The full listing, written out exactly and without images, is the expected result.

**INPUT DATA**.
◇ ◇ ◇ ◇ ◇ ◇ ◇

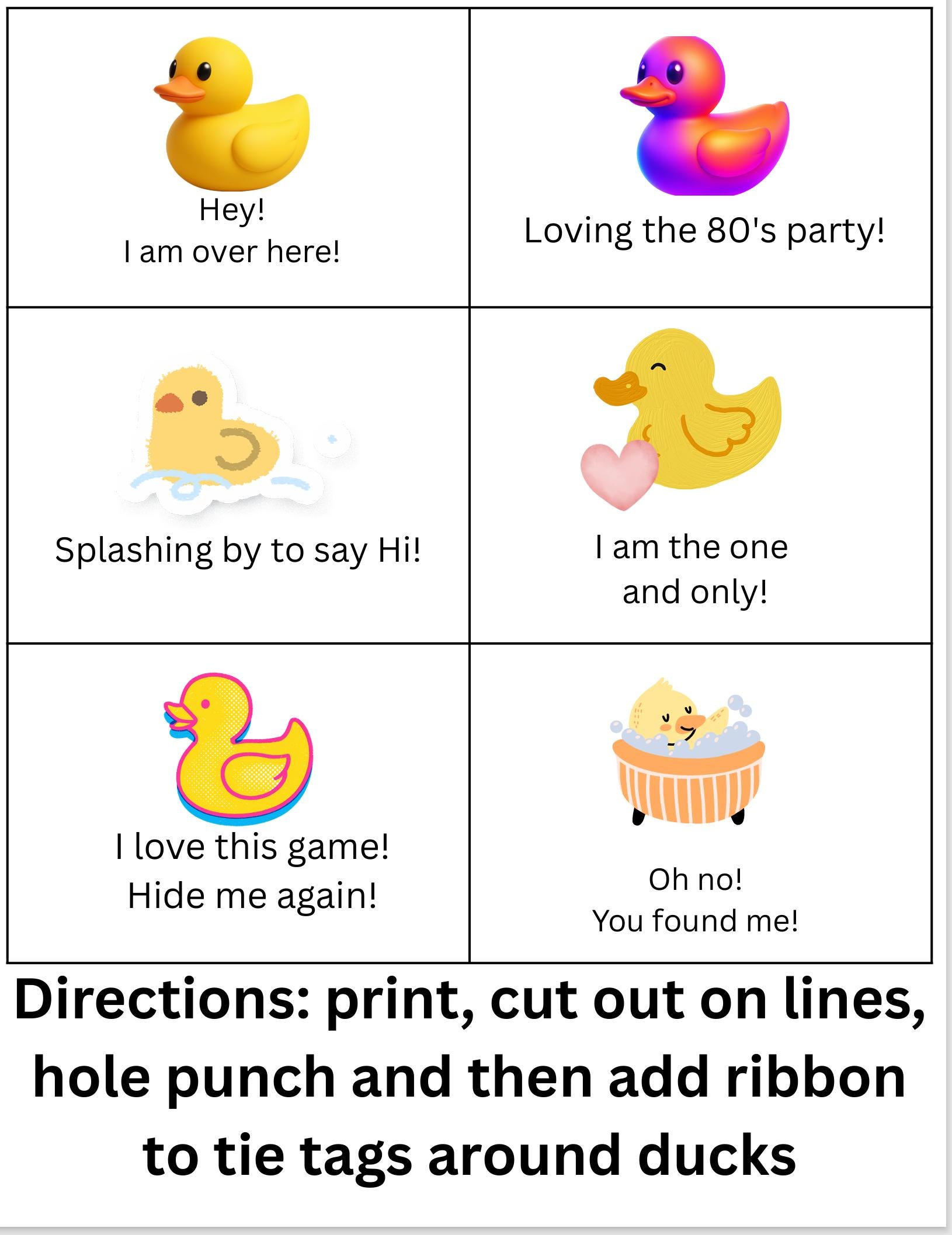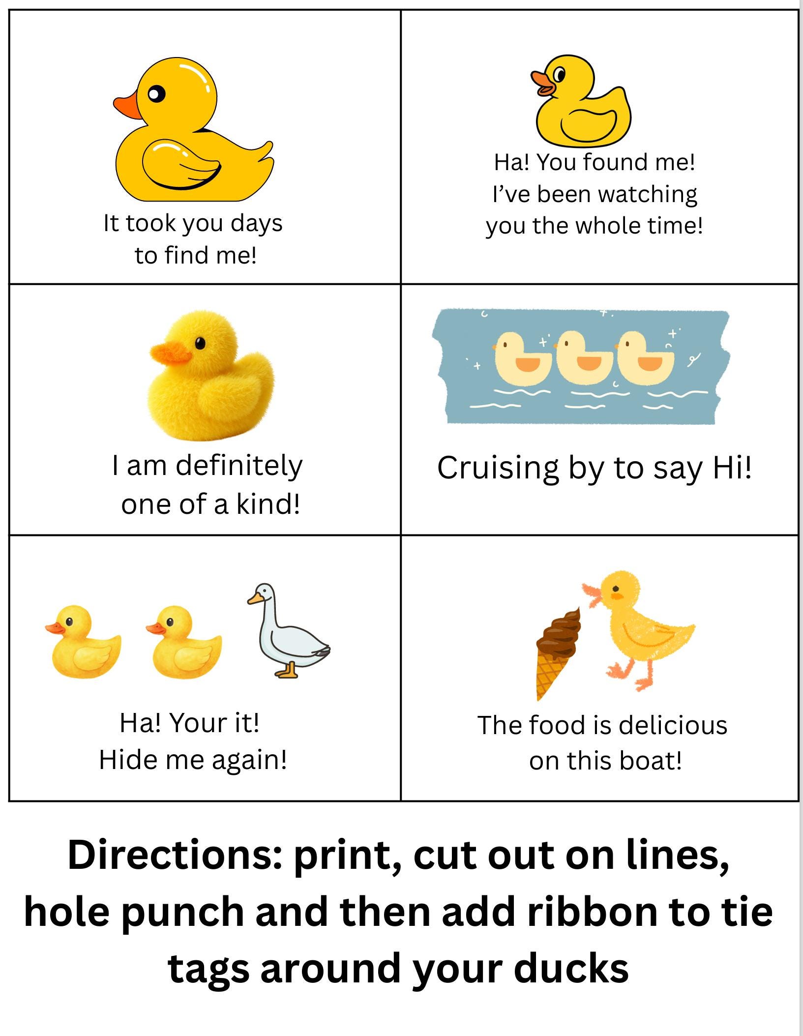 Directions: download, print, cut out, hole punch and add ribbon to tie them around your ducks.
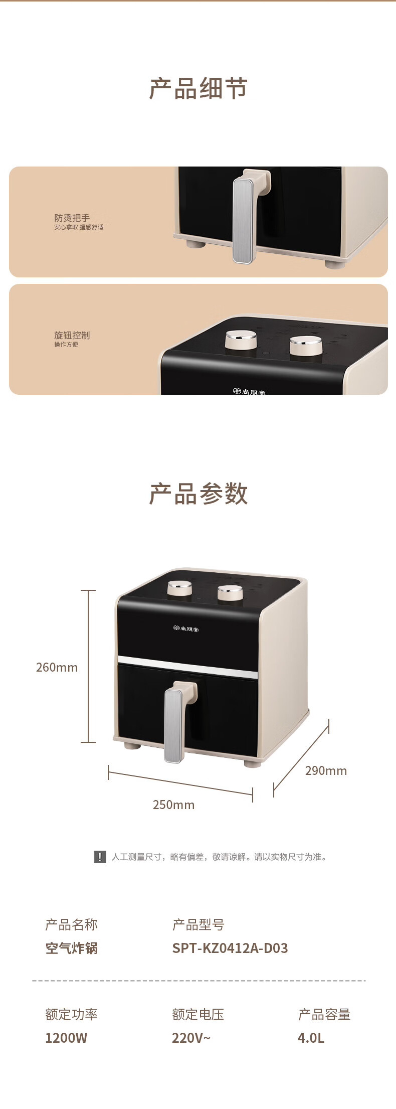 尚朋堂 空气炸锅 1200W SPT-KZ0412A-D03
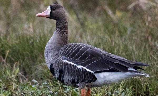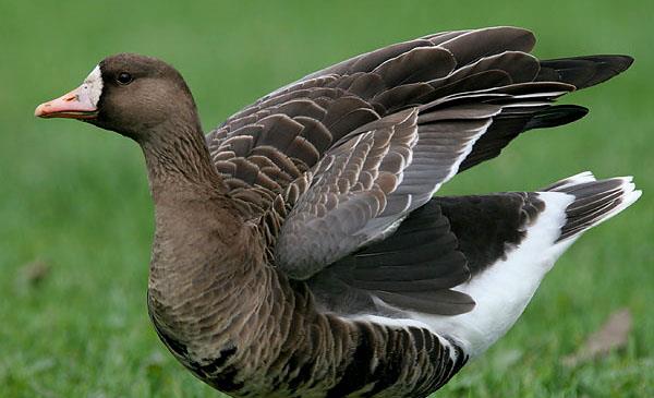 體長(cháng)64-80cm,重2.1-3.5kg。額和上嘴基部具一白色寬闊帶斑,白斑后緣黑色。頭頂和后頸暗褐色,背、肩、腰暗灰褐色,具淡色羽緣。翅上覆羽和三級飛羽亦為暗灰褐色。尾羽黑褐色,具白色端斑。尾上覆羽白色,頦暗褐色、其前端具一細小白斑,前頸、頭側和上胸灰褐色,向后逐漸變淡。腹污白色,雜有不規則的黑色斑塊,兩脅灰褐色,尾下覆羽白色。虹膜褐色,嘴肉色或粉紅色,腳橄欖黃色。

◇ ◇ ◇ ◇ ◇ ◇ ◇

**RESPONSE TO THIS EXERCISE**.
 Directions: download, print, cut out, hole punch and add ribbon to tie them around your ducks.
 尚朋堂 空气炸锅 1200W SPT-KZ0412A-D03
 體長(cháng)64-80cm,重2.1-3.5kg。額和上嘴基部具一白色寬闊帶斑,白斑后緣黑色。頭頂和后頸暗褐色,背、肩、腰暗灰褐色,具淡色羽緣。翅上覆羽和三級飛羽亦為暗灰褐色。尾羽黑褐色,具白色端斑。尾上覆羽白色,頦暗褐色、其前端具一細小白斑,前頸、頭側和上胸灰褐色,向后逐漸變淡。腹污白色,雜有不規則的黑色斑塊,兩脅灰褐色,尾下覆羽白色。虹膜褐色,嘴肉色或粉紅色,腳橄欖黃色。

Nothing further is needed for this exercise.